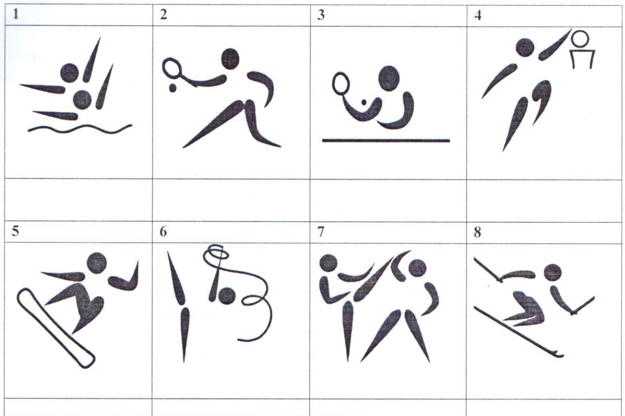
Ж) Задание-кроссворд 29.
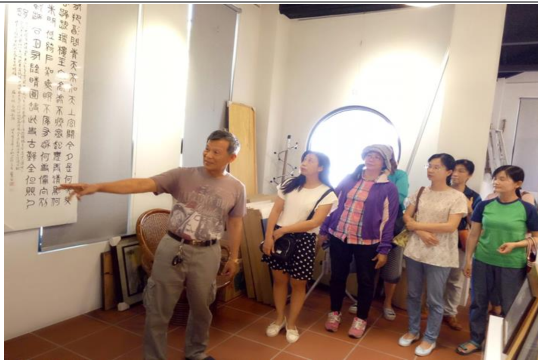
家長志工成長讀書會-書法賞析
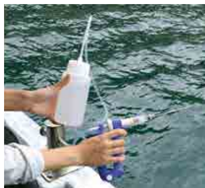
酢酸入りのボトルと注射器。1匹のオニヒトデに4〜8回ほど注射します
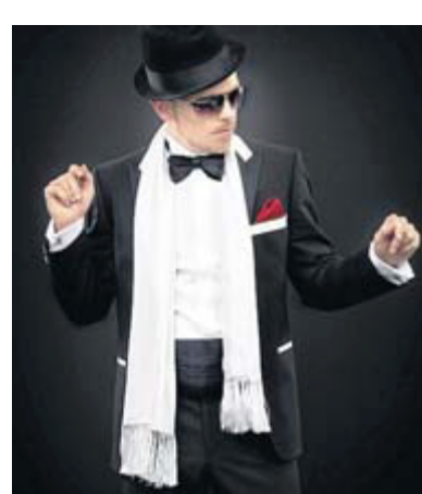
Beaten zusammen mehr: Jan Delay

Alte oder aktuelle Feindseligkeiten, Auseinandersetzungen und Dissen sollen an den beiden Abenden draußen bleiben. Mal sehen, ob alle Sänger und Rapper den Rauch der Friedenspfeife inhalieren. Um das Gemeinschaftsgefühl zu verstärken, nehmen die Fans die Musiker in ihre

________

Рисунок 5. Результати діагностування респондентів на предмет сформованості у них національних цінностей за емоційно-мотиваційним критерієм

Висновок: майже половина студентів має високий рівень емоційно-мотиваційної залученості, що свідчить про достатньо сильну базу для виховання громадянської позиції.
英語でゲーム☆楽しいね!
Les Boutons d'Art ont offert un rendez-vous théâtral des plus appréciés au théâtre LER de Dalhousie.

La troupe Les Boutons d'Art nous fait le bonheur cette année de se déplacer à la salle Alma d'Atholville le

________

- WHAT THIS TASK INVOLVES: Beginning with the line above that has "Ж) Задание-кроссворд 29." and going on through the line that has "Alte oder aktuelle", retype every line exactly and add nothing else; drop the pictures.

- FINAL ANSWER:
Ж) Задание-кроссворд 29.
家長志工成長讀書會-書法賞析
酢酸入りのボトルと注射器。1匹のオニヒトデに4〜8回ほど注射します
Beaten zusammen mehr: Jan Delay

Alte oder aktuelle Feindseligkeiten, Auseinandersetzungen und Dissen sollen an den beiden Abenden draußen bleiben. Mal sehen, ob alle Sänger und Rapper den Rauch der Friedenspfeife inhalieren. Um das Gemeinschaftsgefühl zu verstärken, nehmen die Fans die Musiker in ihre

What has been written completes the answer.